The Husseins' contrary arguments are not persuasive. The Husseins argue that this conclusion is not within this court's jurisdiction because it requires a re-evaluation of the factual issues of whether Klag ordered the removal of the asphalt and whether this action denied the Husseins notice and an opportunity to be heard. The Husseins are correct that, in a qualified immunity appeal, "if `the defendant disputes the plaintiffs version of the story, the defendant must nonetheless be willing to concede the most favorable view of the facts to the plaintiff for purposes of the appeal.'" Moldowan v. City of Warren, 578 F.3d 351, 370 (6th Cir. 2009) (quoting Berryman v. Rieger, 150 F.3d 561, 563 (6th Cir. 1998)). Similarly, a defendant "may not appeal a district court's [interlocutory order denying a claim of qualified immunity] insofar as that order determines whether or not the pretrial record sets forth a `genuine' issue of fact for trial." Johnson v. Jones, 515 U.S. 304, 319-20, 115 S.Ct. 2151, 132 L.Ed.2d 238 (1995). But our conclusion relies upon precisely the same factual basis as the district court on this point: Baird's affidavit. The district court concluded that Klag's threat (the factual basis) constituted a state actor depriving the Husseins of their property without due process (a legal conclusion). Considering the same factual basis, we determine that no deprivation without due process occurred.

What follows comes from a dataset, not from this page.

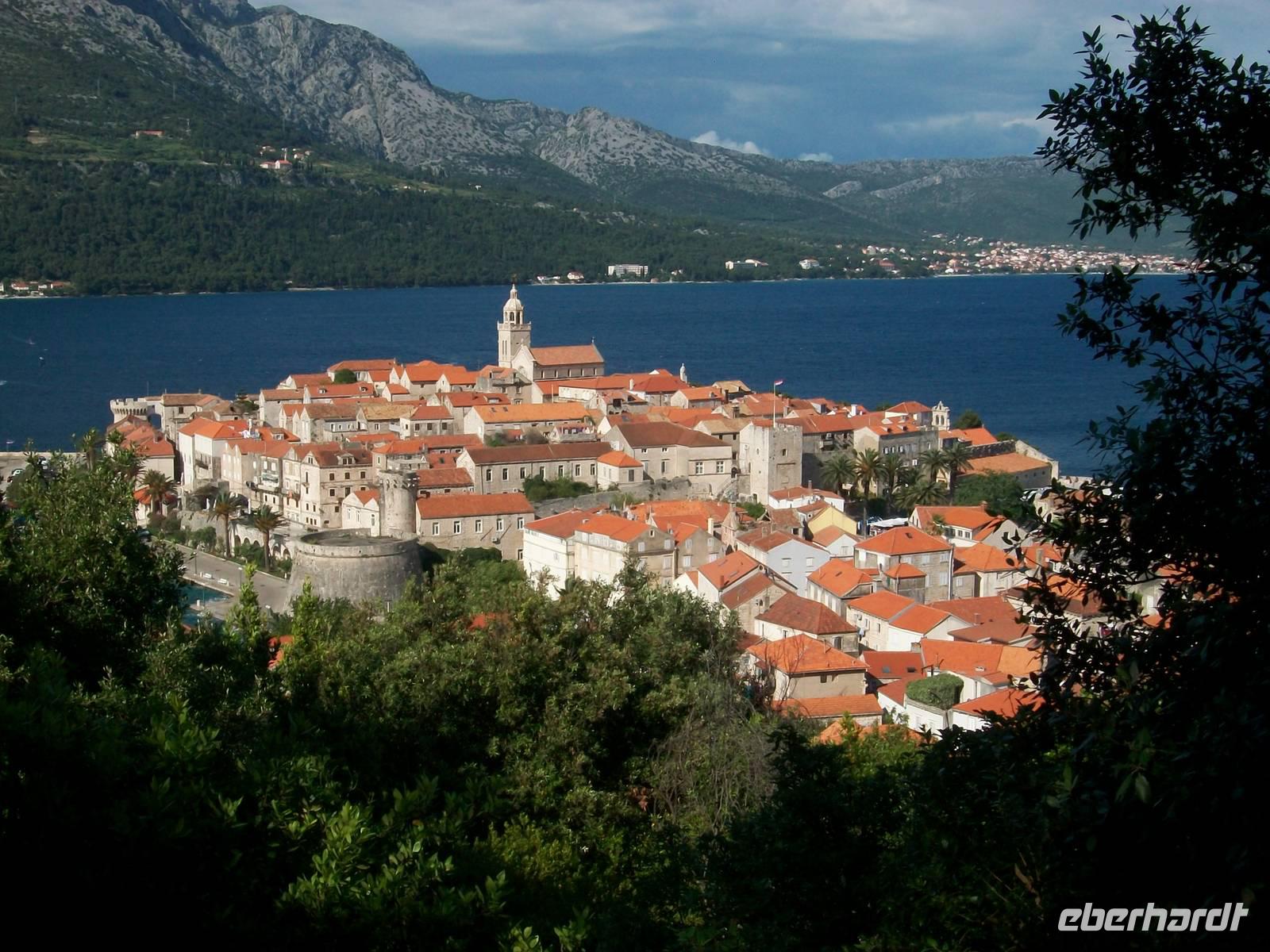 Unser weiterer Weg führt uns über die Halbinsel Pelješac an den Weingärten vorbei nach Orebic. Hier ließen sich früher wohlhabende Kapitäne nieder und von hier beginnt die Überfahrt bei ruhiger See und Sonnenschein zur Insel Korcula.

The defendants also did not violate the Husseins' substantive due process rights. Even if the Husseins could demonstrate that the defendants' actions in this case were arbitrary and capricious, "the interests protected by substantive due process are of course much narrower than those protected by procedural due process." Bell v. Ohio State Univ., 351 F.3d 240, 249-50 (6th Cir. 2003). Not all arbitrary and capricious state action amounts to a violation of substantive due process; "otherwise judicial review for compliance with substantive due process would become the equivalent of a typical state or federal Administrative Procedure Act." Id. at 251. Interests protected by substantive due process "include those protected by specific constitutional guarantees, . . . freedom from government actions that shock the conscience, and certain interests that the Supreme Court has found so rooted in the traditions and conscience of our people as to be fundamental." Id. at 250 (internal quotation marks omitted) (citations omitted). The asphalt driveway incident did not implicate specific constitutional guarantees, denial of a driveway does not shock the conscience, and an asphalt driveway is not an interest so rooted in the traditions and conscience of our people as to be fundamental. Thus, the defendants did not violate the Husseins' substantive due process rights.
For these reasons, we reverse the judgment of the district court and remand the case for further proceedings consistent with this opinion.